As MemGator is free and open-source software (cf. Time Travel), many research endeavors on evolving the aggregation process have centered around enhancing its development beyond the limited endpoint-based Time Travel ecosystem. While the set of archives to be aggregated is static, both in accessing the Time Travel service as well as a deployed MemGator instance, other standards-based mechanisms like HTTP Prefer [38] provide a means of allowing a client to specify the set of archives aggregated to an “enhanced” aggregator—in this case, an extended version of MemGator [22]. This approach [22] entailed encoding the set of archives that normally reside in a server-side configuration file to be customizable at query time. The specification of custom archival sources utilizes the “Prefer” HTTP request header with a value being the self-describing, base-64 encoded JSON representing the aggregator’s configuration of endpoints. A prototypical extension of MemGator referenced by the authors required the aggregator to read the HTTP request header and respond accordingly at runtime to request captures only from the archives specified by the client. This requirement of the aggregator being “enhanced” to this extended capability is discussed further in Sect. 8.1.

3.2 Graph abstractions

The process of HTTP requests as recursively applied through an aggregator subsequently querying additional sources resembles a graph structure, typically reduced to a tree in the conventional case (Sect. 4.2). As this work reiterates the potential for an aggregator querying an aggregator [25], the scenario arises of graph-style cycles (Fig. 4) that must be mitigated. Additionally, we may encounter redundancies in this “chaining” process (Fig. 6) where aggregators down the request chain are configured to query identical, previously queried archives with the same parameters. The similarity of this problem resembles a singly linked list, wherein a child does not know the capacity of its parent and is in adherence of HTTP being stateless. Here, an origin node is aware of that to which it links but a node is likely not aware of the linkages from its parent, to which the node itself is one.

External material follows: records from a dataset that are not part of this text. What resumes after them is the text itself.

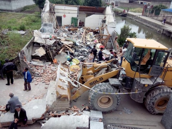 Các thành viên mạng xã hội QQ của Trung Quốc vô cùng sửng sốt trước hành động của anh con rể "bá đạo" trên. Vào ngày 17/5 vừa qua, 12 thành viên của gia đình nhà ông Lý hoảng hốt khi bỗng nhiên nóc nhà bị sập xuống, ngay sau đó là một chiếc xe ủi cỡ lớn lao thẳng vào trong nhà. Cả nhà phải chạy vào trong nhà vệ sinh để ẩn nấp.
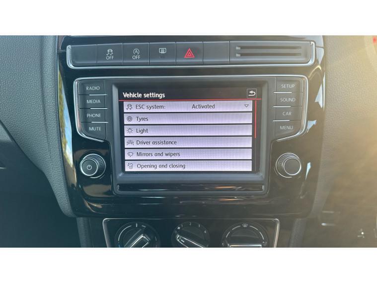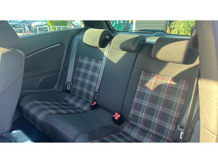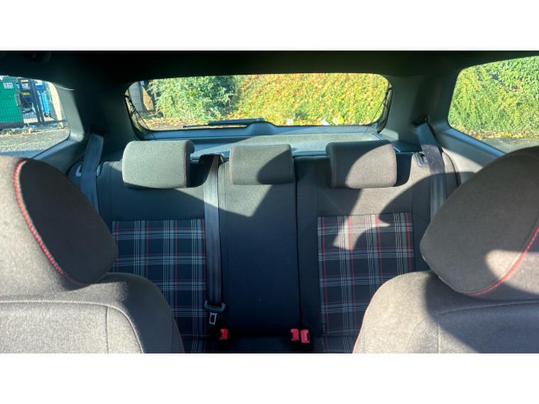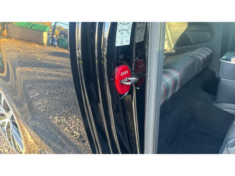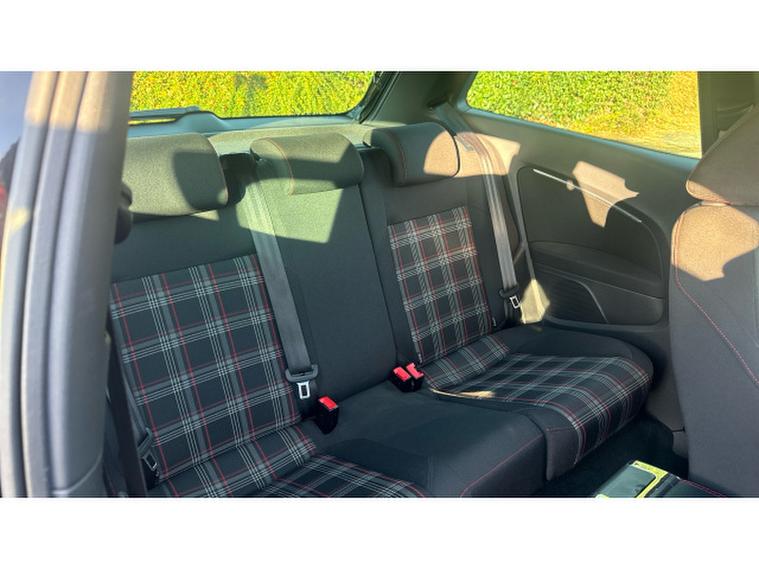 The exterior screams performance: red GTI accents, honeycomb grille, dual chrome exhausts, bold 17-inch Parabolica alloy wheels, and sporty bumpers. Inside, youre greeted by iconic tartan sports seats, flat-bottomed multifunction steering wheel, touchscreen infotainment with Bluetooth and DAB, and ambient red lightingits a driver-focused cabin with a premium touch.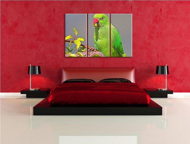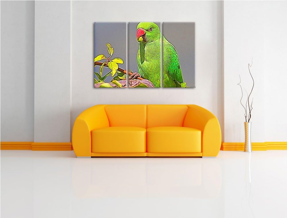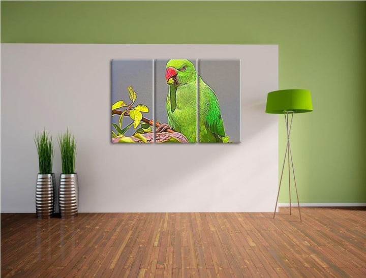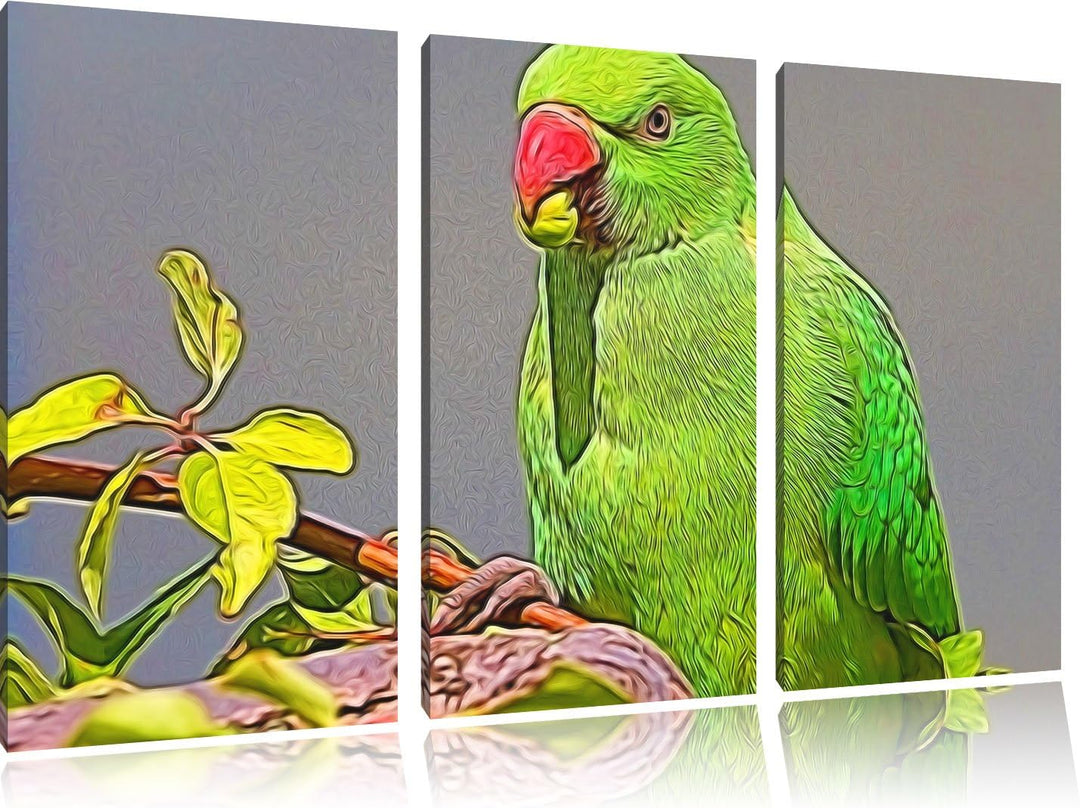 schöner Halsbandsittich beim Essen NewArt 3-Teiler Leinwandbild 120x80 Bild auf Leinwand, XXL riesig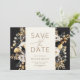 Blommigten Watercolor Black White Guld Spara datum Inbjudningar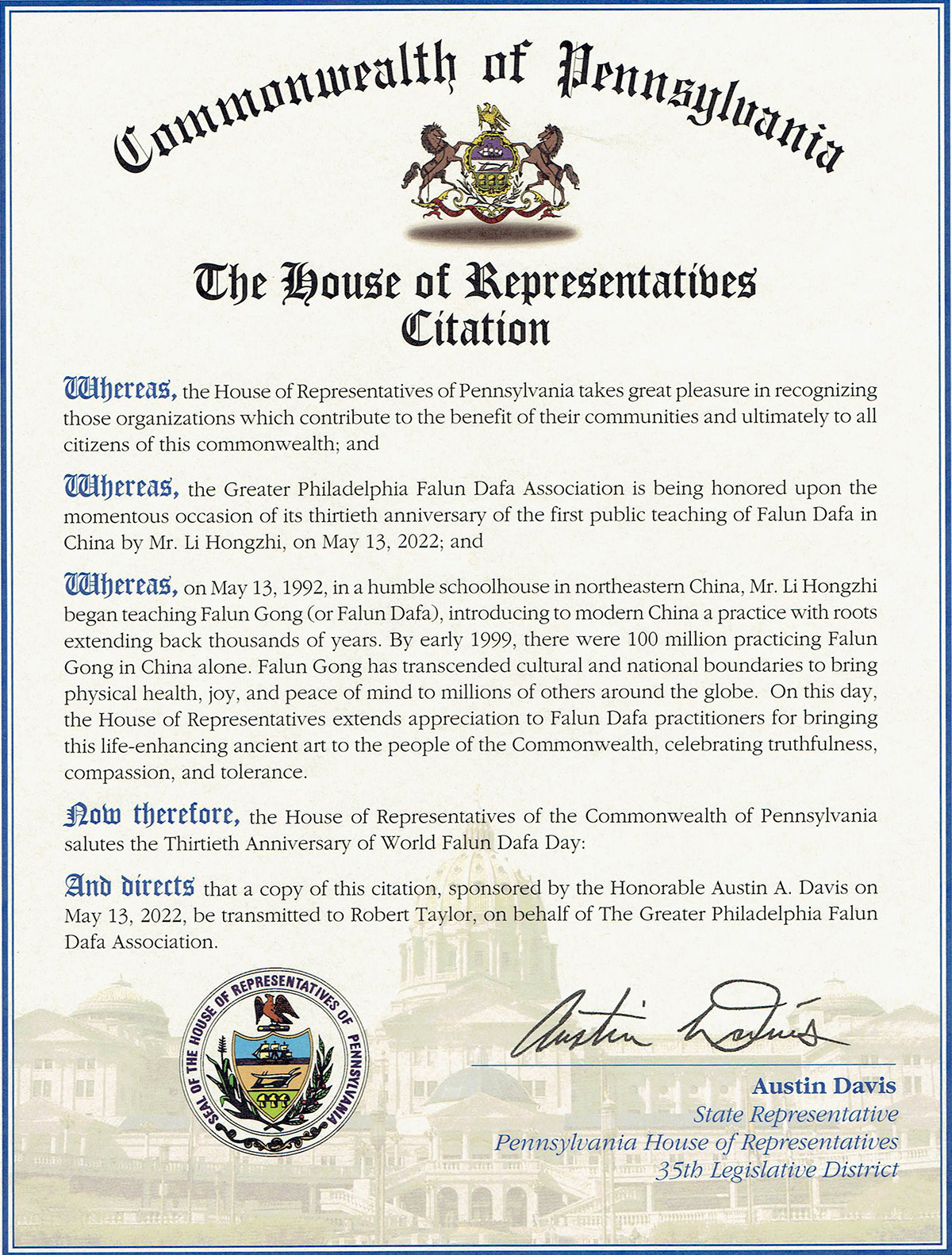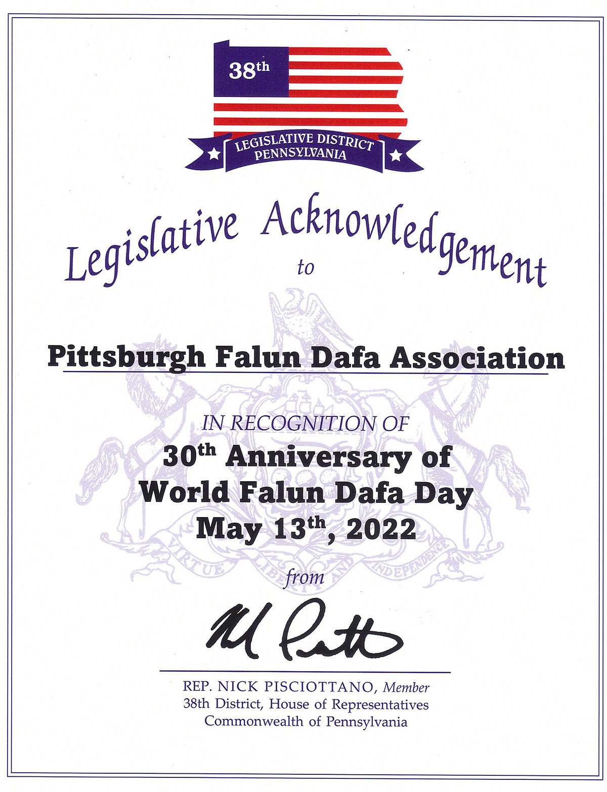 宾州州众议院第38区立法表彰匹兹堡法轮大法学会,庆祝法轮大法洪传30周年的世界法轮大法日,2022年5月13日。

3.3 Aggregation optimization

The process of aggregation can be complex [31], both in programmatic logic to accomplish it as well as largely so in the temporal, spatial, and computational requirements. In conventional practice (Sect. 4.2), upon receiving a request, an aggregator will then send a request to each web archive, as defined by the endpoints in the aggregator’s configuration. The process of sending these requests can typically be performed asynchronously [1], as the response time from a particular archive may be affected by a variety of factors including its infrastructure capabilities, the quantity of its holdings, the temporal spread of its holdings, etc.

Different web archives inherently possess a different set of archival holdings.Footnote 5 For example, an archive may only collect web pages within a limited set of ccTLDs [34] like .ac.uk and .gov.uk for academic and government websites in the United Kingdom (respectively). Repeated requests for TimeMaps from web archives that consistently have no mementos for a structured type of URI produce inefficiencies that are exacerbated when aggregated and affect the aggregation process. AlSum et al. [6] generated profiles to identify the distribution of URIs across archives and the effect on recall by both including and excluding IA from the aggregated results. MementoMap [4] provided an approach to remedy this issue with the cooperation of a web archive. By an archive supplying indexes of its holdings, a “map” can be created to abstractly represent (using wildcards) the extent of the holdings for specific URI patterns. This may be abstracted to the level of TLD (e.g., the extent of the holdings within the .uk TLD) down to the specificity of the quantity of holdings within a specific path of the URI. MementoMaps also provide a format to represent this extent both on the level of URI-R and URI-M. Through the cooperation of one such scoped archive, the Portuguese Web Archive, Alam et al. [4] were able to demonstrate the increase in efficiency of selectively sending requests to a subset of archives informed by their respective holdings. This work leveraged MemGator. Aturban et al. [7], through a longitudinal study on the web archives themselves, identified the disappearance of the base URI of an archive, further highlighting the need for an aggregator to be updated to ensure resolution as archives change their hostnames.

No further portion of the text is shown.